Holy Shin Splints!!

I ran again tonight!  This is not like me.  I have never been a runner.  I am really enjoying the outside exercising.  I struggled with my runs tonight because my shins were hurting again.  Once I started walking they would slowly get better but they are still hurting as I type this post.  No running tomorrow so they get a chance to heal!

I haven’t been doing well with WW recently because I haven’t been tracking (aka eating bad food).  I am going to try to blog my daily meals so that I can be more accountable.  If I eat it, you will read about it.  I’m going to start with dinner tonight!  Because I ran after work, I earned an extra 3 activity points!

For dinner we had grilled chicken sausage with roasted potatoes, green beans and spinach salads.  My plate had 1 and a half sausages but I only ate 1.  The potatoes were my favorite part.  I cooked them at 415 for about 20 minutes and turned on the broiler for an extra 5.  I seasoned them with EVOO, Montreal Steak Seasoning and Garlic Gold.

Dinner 4 11


  • Trader Joe’s Spicy Chicken Sausage, 5 pts+
  • Baby Potatoes, 6 pts+
  • Green Beans, 0 pts+


  • Spinach
  • Mushrooms
  • Tomatoes
  • 1 Tbs Gorgonzola Cheese, 1 pts+
  • 1 Tbs Sunflower Seeds, 1 pts+
  • 1 Tbs Craisins, 1 pts+
  • 2 Tbs Annie’s Low Fat Raspberry Vinagarette, 1pts+

Salad 4 11

I enjoyed all of that for 15 points.  You may think thats high but I usually try and save about half of my daily points for dinner.  I had plenty to eat and was able to cross off a few healthy checks!  Hopefully I will have a better weigh in this week since I’m starting off right!

Do you have any tips for helping shin splints?


  1. Hey, I had problems with shin splints when I started running last year. I found that stretching out my calf muscles really well before and after running helped a bunch (and a little ice massage after). Also, when you are sitting, write the alphabet with your feet. It sounds silly, but it will build up the muscles across the shin and help keep them from hurting.

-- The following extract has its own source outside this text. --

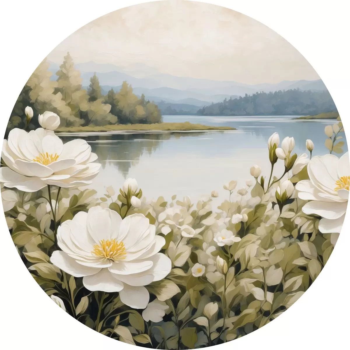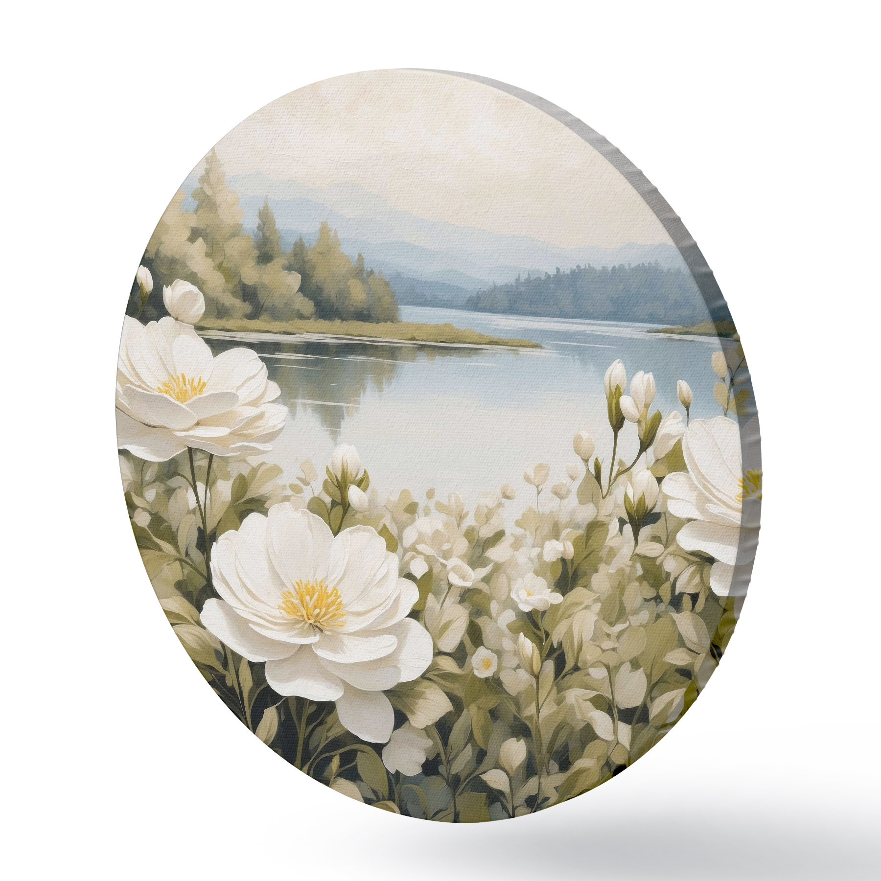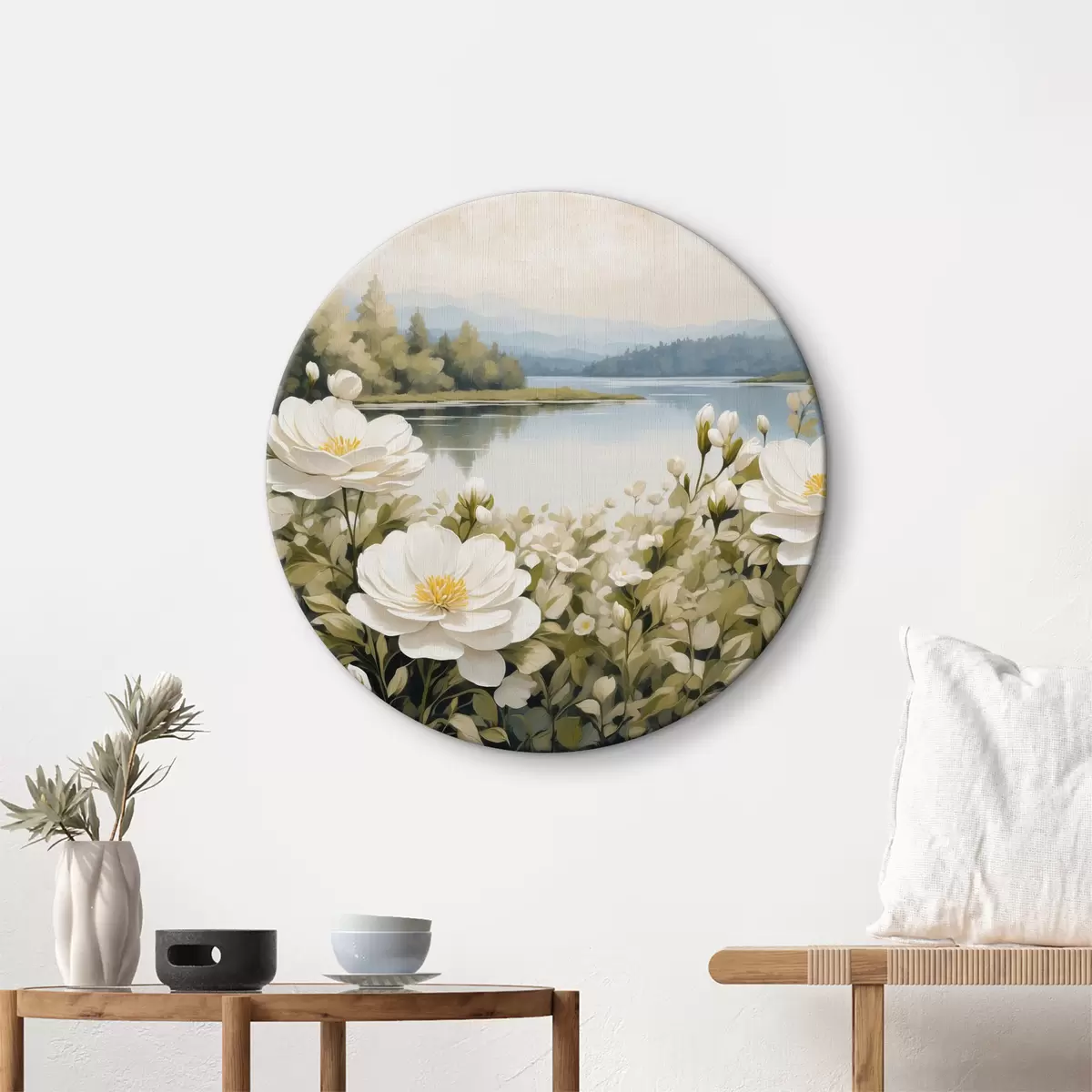 Quadri rotondi Fiori bianchi sullo sfondo del fiume r40869

    • I stretched before tonight but I don’t think it was enough. The ice after felt great. I will work on the alphabet. Thanks for the tips!

  2. Also, try rolling a towel up on the floor with your toes. Also builds the muscles around the shins. Keep it up!

  3. Sheena – as a former field hockey player (where running is 110% required) I can tell you that the thing that helped me was compression. Now, I had trainers who would tape my shins every single day before practice. Granted you don’t have that; however, you can look in to compression socks or sleeves. A solid running store will know what you’re looking for. And, take an anti-inflammatory too. The only other suggestion I have is to look at your running shoes and make certain they are correct for your foot strike. And, look at maybe running every other day or every two days.

  4. Elizabeth says:

    it’s painful but icing after you run does help. Also, try this stretch-sit on the floor with your legs straight out in front of you. Point your toes and have Tony push down gently on the tops of your feet. Then flex your toes and have him push them back a little extra.